Solution)
class Solution:
def reverseBetween(self, head: Optional[ListNode], left: int, right: int) -> Optional[ListNode]:
# cur iterates the linked list
# checkpoint is the node right before the reversal
cur, checkpoint = head, head
# Move cur to a node where the reversal starts
for _ in range(left - 1):
checkpoint = cur
cur = cur.next
# reverse is the head of reversed linked list
# tail is the tail of the reversed linked list
reverse, tail = cur, cur
# Reverse the wanted range of nodes
cur = cur.next
for _ in range(right - left):
nextNode = cur.next
cur.next = reverse
reverse = cur
cur = nextNode
# If the reversal starts at the head
if left == 1: head = reverse
else: checkpoint.next = reverse
tail.next = cur
return head
Problem: LeetCode
Time Complexity: O(m)
Space Complexity: O(1)
* m = right
Explanation)
In one pass, we have two for-loops.
First is to find a node right before the reversal starts. Second is to actually reverse that range of nodes.
Once we reverse the nodes, we'll attach those nodes to the remaining nodes in the linked list that weren't reversed.
My solution is kinda messy ths time, so I'll break it into as many steps as possible and try to explain them in full detail.
Initialization)
To iterate the linked list, we'll have a node called cur. Set cur as head.
Variable checkpoint will be a node right before the reversal starts. We have this so that whenever we're done with the reversal we can attach those reversed nodes to checkpoint.
def reverseBetween(self, head: Optional[ListNode], left: int, right: int) -> Optional[ListNode]:
cur, checkpoint = head, head
Find the checkpoint)
Now, we need to find the node where the reversal starts. Thankfully, we're given a position where it starts, so use that information to find that node.
Then our cur would be the node where the reversal starts, and checkpoint will be the node right before cur.
def reverseBetween(self, head: Optional[ListNode], left: int, right: int) -> Optional[ListNode]:
cur, checkpoint = head, head
for _ in range(left - 1):
checkpoint = cur
cur = cur.next
Reverse)
Now, knowing that our cur is at the start of reversal, it's time to reverse the nodes.
Variable reverse will be the head of the reversed nodes. Every for loop, we'll connect a node in reversal order, and reverse will be the head of that reversed nodes.
Variable tail will be the tail of the reversed nodes. We have this information so that once the reversal is completed, we can attach the remaining nodes to the tail of reversed nodes.
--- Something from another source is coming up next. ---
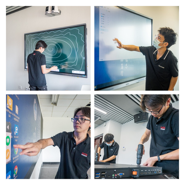 一聲令下,從西域梨城庫爾勒,到極東雪城牡丹江,北至黑河,南及三亞,希沃分布在全國各地的技術(shù)支持小分隊(duì)整裝待發(fā),背上工具包,奔赴百城千校,為上萬臺(tái)設(shè)備進(jìn)行檢修保養(yǎng)工作。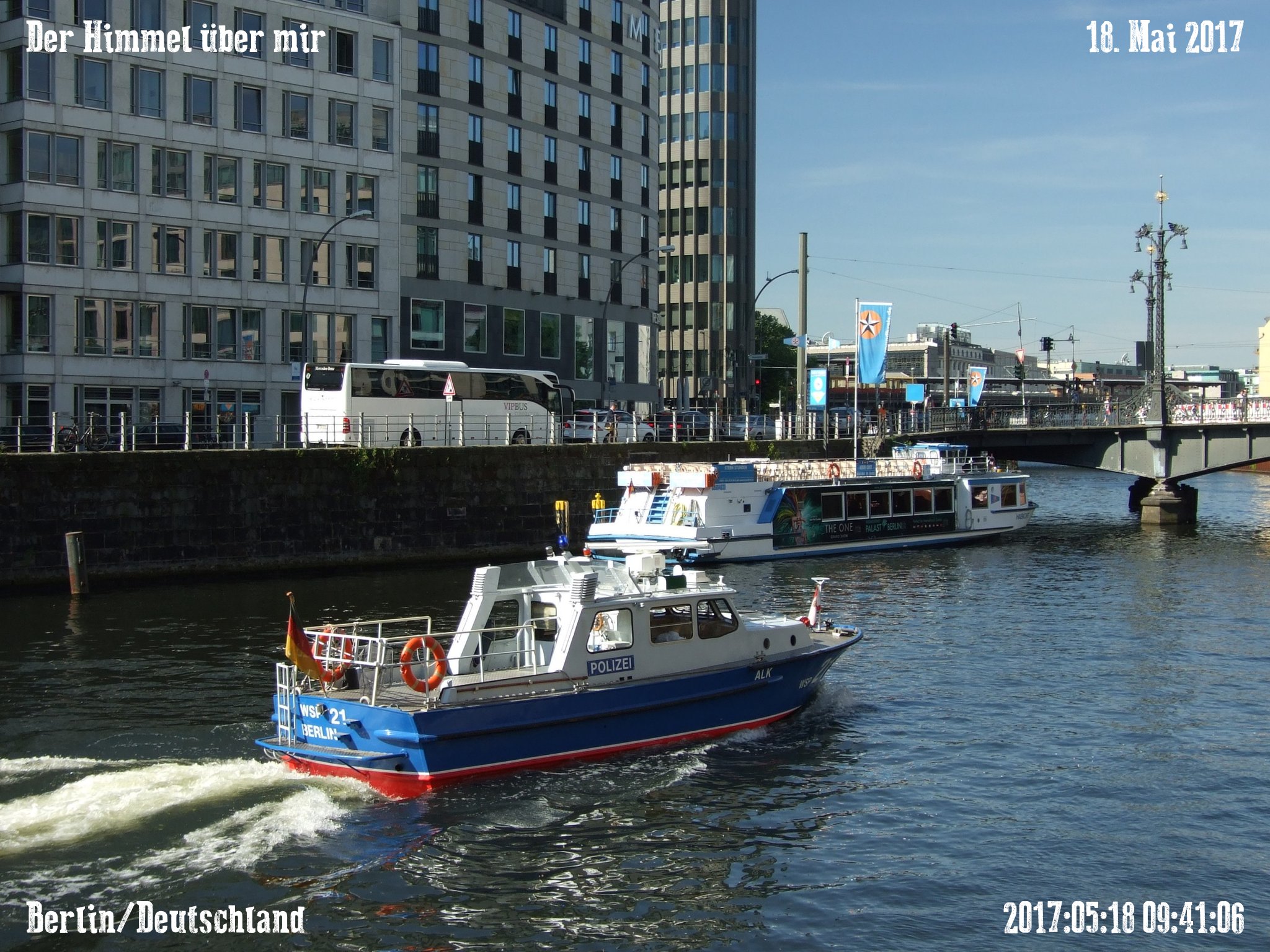 Weitergehen, über die Brücke, dann links! Da kommt ja schon wieder die POLIZEI, bestimmt sorgen sie für Recht und Ordnung.

Our logic of reversal is as below.
1) Save the next node of cur to nextNode.
- nextNode = cur.next
2) Connect the head of reversed nodes to cur.
- cur.next = reverse
3) Now cur is the head of reversed nodes, so we save cur to reverse.
- reverse = cur
4) Since we want to continue reversing, set cur as nextNode to keep reversing remaining nodes.
- cur = nextNode
def reverseBetween(self, head: Optional[ListNode], left: int, right: int) -> Optional[ListNode]:
cur, checkpoint = head, head
for _ in range(left - 1):
checkpoint = cur
cur = cur.next
reverse, tail = cur, cur
cur = cur.next
for _ in range(right - left):
nextNode = cur.next
cur.next = reverse
reverse = cur
cur = nextNode
Attach the nodes that aren't reversed)
Once the reversal is complete, it's time to attach the remaining nodes to the reversed nodes.
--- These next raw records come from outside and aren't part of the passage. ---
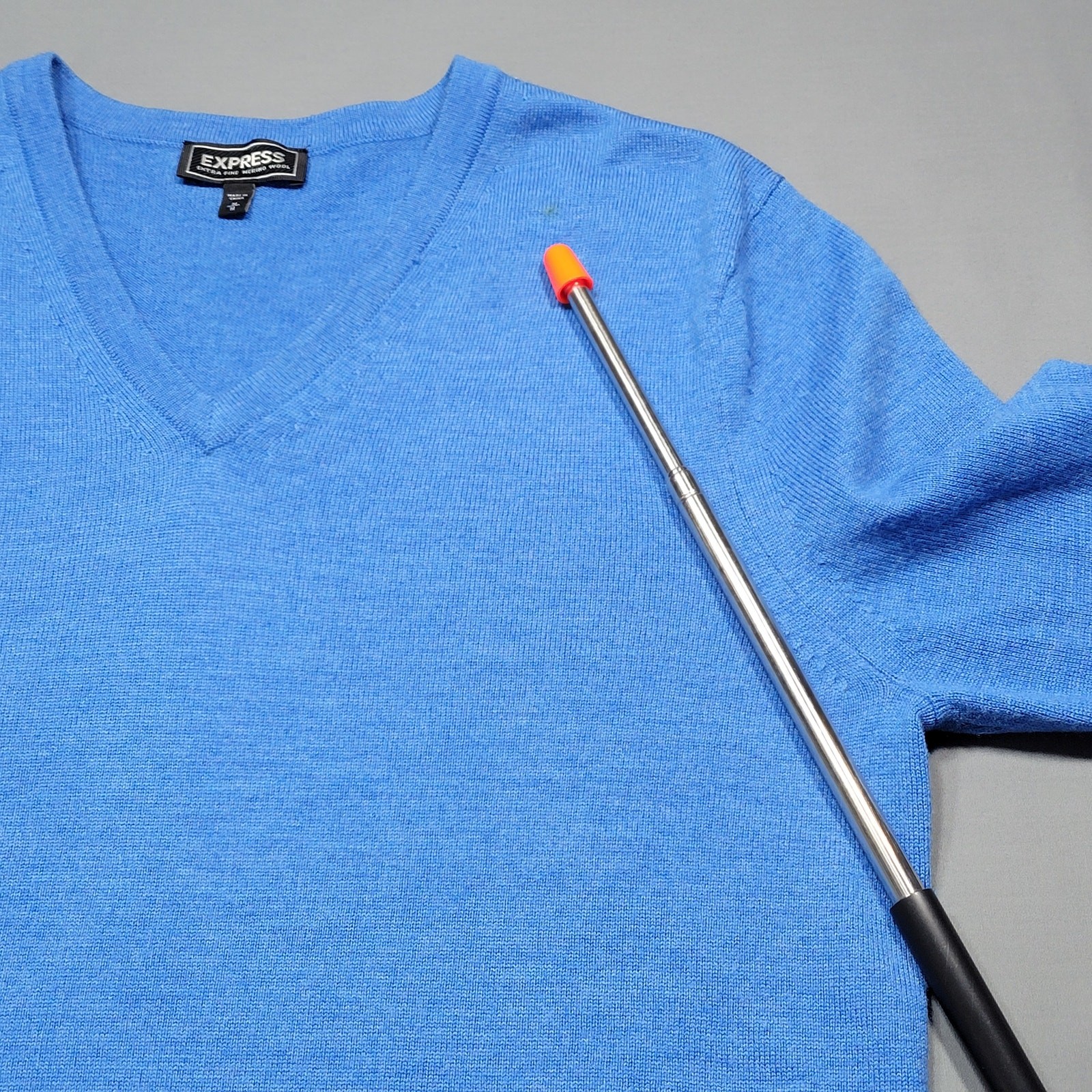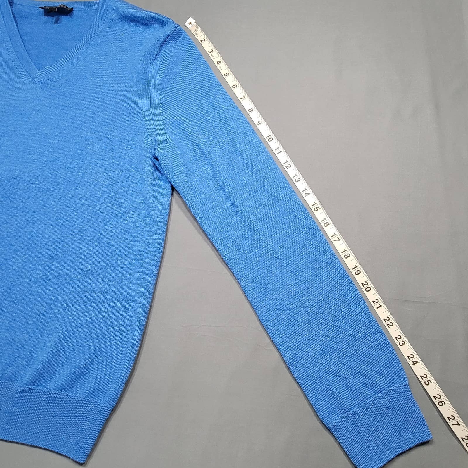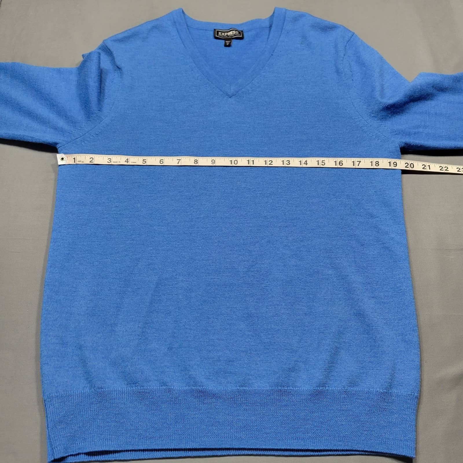 как выглядит Express Blue Sweater 100 Wool Knit Preppy Solid V-Neck Long Sleeves Mens Size M фото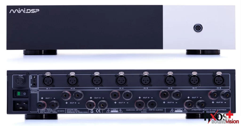 Κάθε κανάλι αποδίδει 300Wrms στα 4Ω, 150Wrms στα 8Ω. Τα χαρακτηριστικά του AMP‑8 είναι εντυπωσιακά για πολυκάναλο ενισχυτή, έχει λόγο σήματος προς θόρυβο 123 dB(A) και παραμορφώσεις THD+N: 0,0008%. Τέτοια στοιχεία μας δίνουν συνήθως σε κορυφαίοι Hi‑Fi ενισχυτές και όχι ένας πολυκάναλος όπως αυτός ο miniDSP.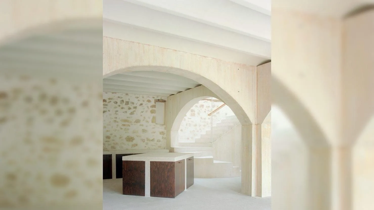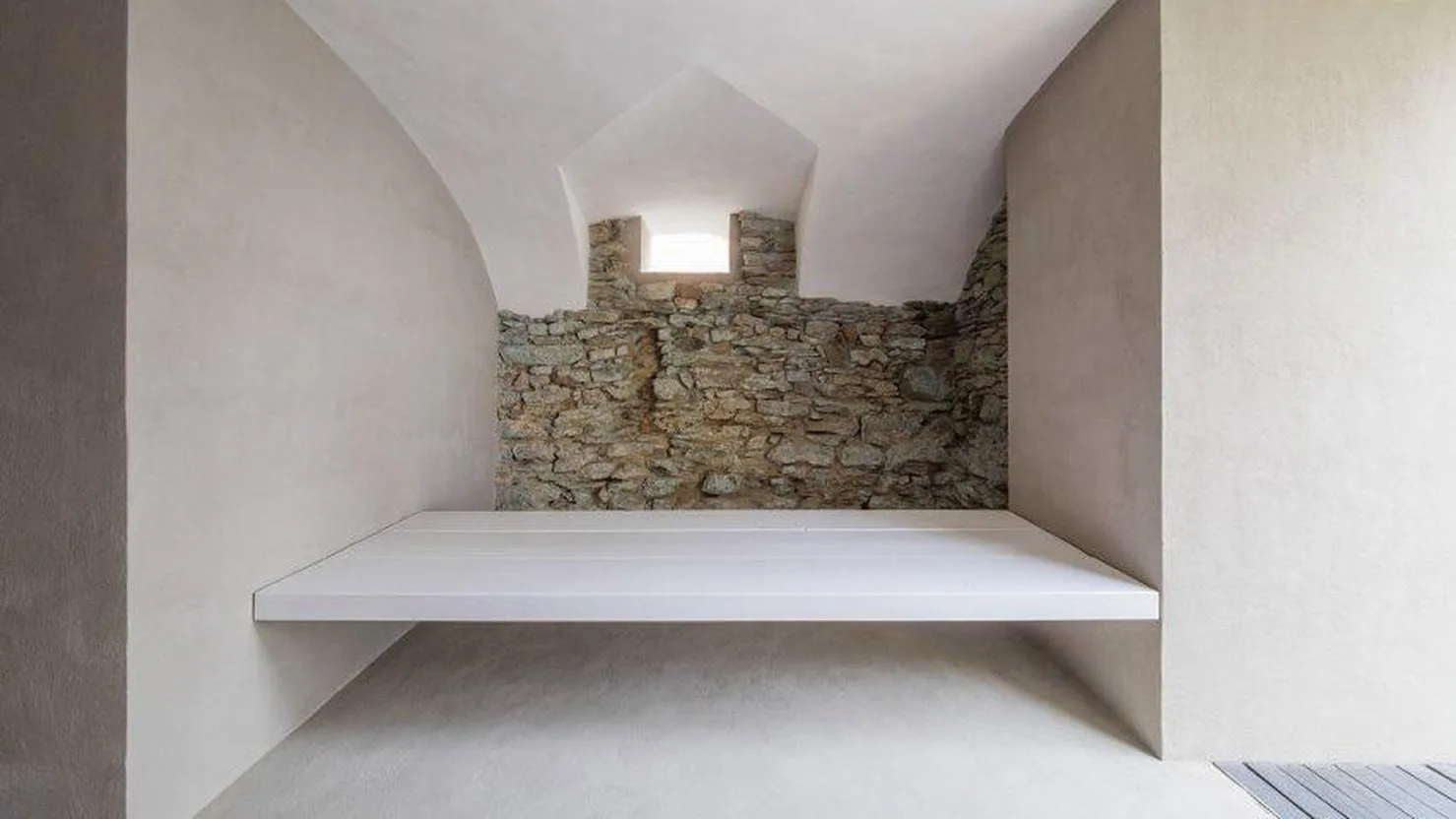 Новый «вставной» дом выполнен из светлого бетона и отличается строгой геометрией и чистыми линиями. Он не соприкасается напрямую со старинными стенами, благодаря чему сохраняется целостность оригинальной конструкции. Историческая кладка, своды и арки остаются полностью читаемыми и визуально доминирующими в пространстве. Современный объём, напротив, выглядит нейтральным и спокойным, не пытаясь конкурировать с архитектурой XVI века. Такой приём подчёркивает разницу эпох и делает диалог между ними честным и наглядным. Архитекторы сознательно отказались от стилизации и декоративных цитат, выбрав контраст как форму уважения к прошлому. Важную роль в проекте играет естественный свет, который проникает через существующие проёмы и мягко подчеркивает фактуру камня. Благодаря этому интерьер не теряет ощущения масштаба и исторической глубины.
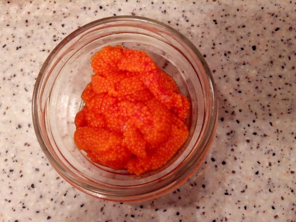 Привет всем! Короч поймали тока мы с Витей, а Рома одного еще. Витька поехал домой в районе 17-00, у меня был один штук, едва зачет. Потом из под берега взят кабанчик, потом из далека еще один, тока подкабанчик, как карась. и опять же из далека на кембр белячок и фсе.Рып стоит очень далеко от берега 80-90 метров. Про начинку- глядя на толстое пузо кабанейров, я предвкушал уже бутер с икоркой. Дома вспорол, опаньки молоки! Витька кстати классный рецепт рассказал, я их и приготовил в духовочке по его рецепту (Жена довольна, очень вкусно говорит), правда одному хвост отрезать пришлось длинноват оказался не влез на листик. Из пойманных 4 шт- 3 шт на кровянку и 1 на кембр с оранжевой бусиной.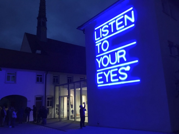 Sehr gut passt auch dazu der Slogan, den Sie am Eingang zur Galerie in Form eines Werkes der Lichtkunst sehen: Listen to your Eyes

1) Attach nodes in front of the reversed nodes
This is the reason why we had checkpoint. If we know a position before the node where the reversal starts, we just need to attach the reversed nodes to that checkpoint.
However, if the reversal starts at the head, we have no node to attach. So if the left is 1, then we simply replace head with the reversed nodes.
2) Attach nodes after the reversed nodes
This is the reason why we saved tail. Knowing where the reversal ends, we just need to attach the remaining nodes to tail. The remaining nodes are saved in cur.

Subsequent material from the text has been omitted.